Multi-modal brain age estimation: a comparative study confirms the importance of microstructure

Brain age inferred from neuroimaging data could reveal important information about the evolution of structural and functional cerebral features across the life span. This has important implications for understanding healthy aging and for identifying Imaging-Derived Phenotypes (IDPs) that characterise age-related neurodegenerative illnesses, such as Alzheimer’s and Parkinson’s disease. The so-called brain age delta refers to the difference between image-derived brain age and chronological age. Accelerated aging (positive delta) or resilience to aging (negative delta) have been found to be useful correlates of factors such as disease and cognitive decline. Multiple studies have proposed prediction models using brain IDPs as predictor variables, mostly relying on simple linear regression.

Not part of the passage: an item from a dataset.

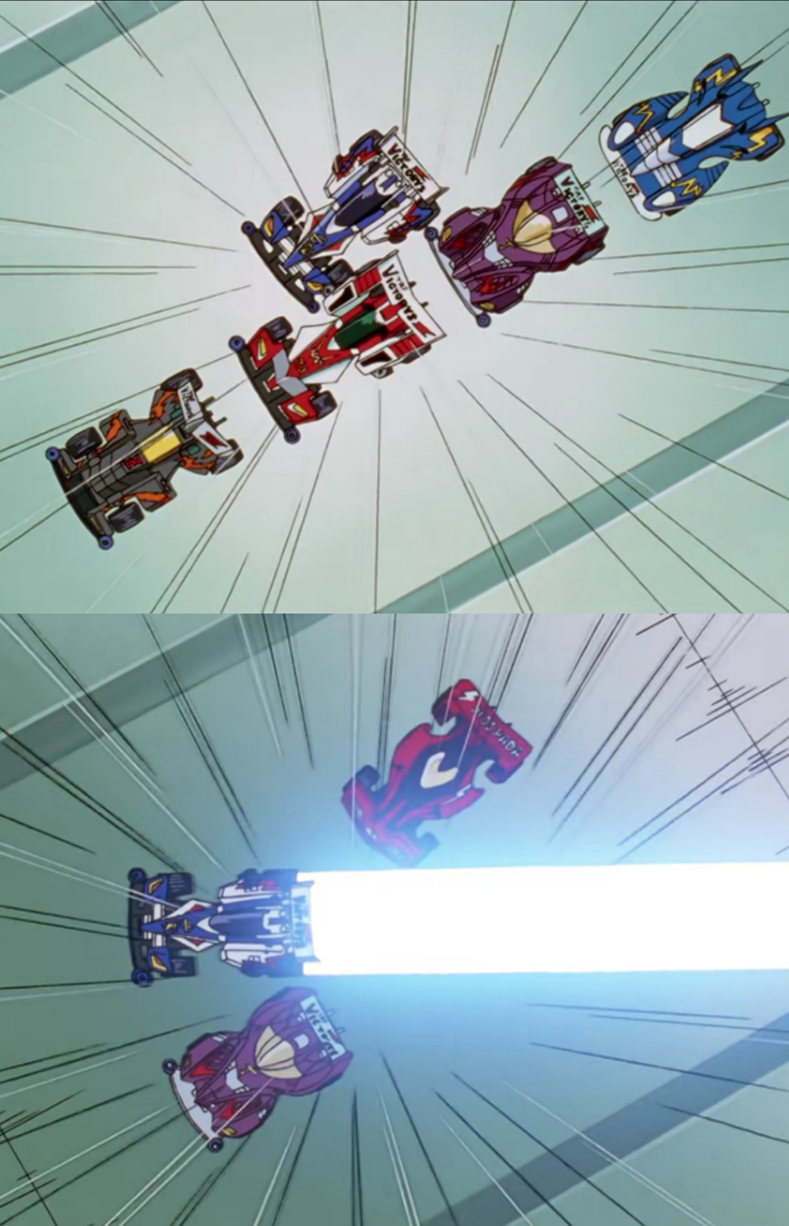 可即便如此,小豪也从不轻言放弃,初次比赛的冲锋号和音速号被淘汰出局,他在明知犯规的前提下依旧将两辆赛车合二为一,坚持跑完全程,就算得不到名次也不放弃比赛。用冲锋音速号合体赛车的车灯在漆黑的比赛场地中照出一道光,为身后的参赛者引路,带着身后参赛的车辆完美的跑回终点。
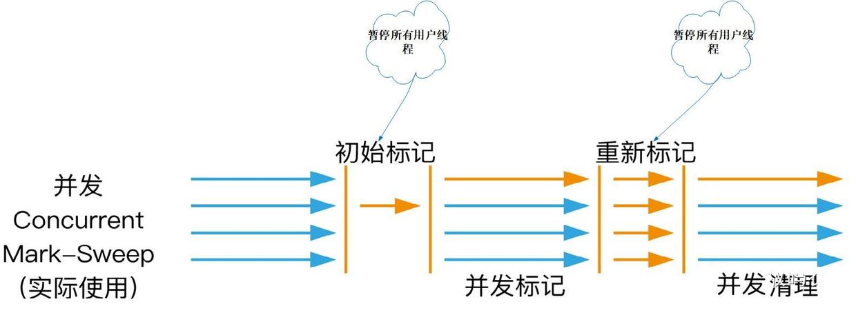 CMS(Concurrent Mark-Sweep)是一款以获取最短回收停顿时间为目标的收集器。比较适合互联网响应式应用场景,采用的是**“标记-清除”**算法。

However, methodological and population heterogeneity in these studies precludes definitive conclusions regarding the most informative modelling methodologies or predictor IDPs. To provide first hints in this respect, in this paper we propose to address three questions. First, four different state-of-the-art models are ranked based on well-known performance indices (e.g., mean absolute error) using the UK Biobank brain MRI data in different single/multi-modal settings. Second, for the best model, the association with individual IDPs are calculated to identify those that could play a prominent role in the aging process. Third, associations with non-brain variables are assessed as a first step towards a holistic approach. Our findings demonstrate a prominent role for dMRI IDPs in reducing the mean absolute error and rank high in the association study, dominating the first ten positions and being preceded only by three structural measures that are known to be related to the aging process. This provides evidence of the potential of dMRI IDPs as biomarkers of aging in health and disease.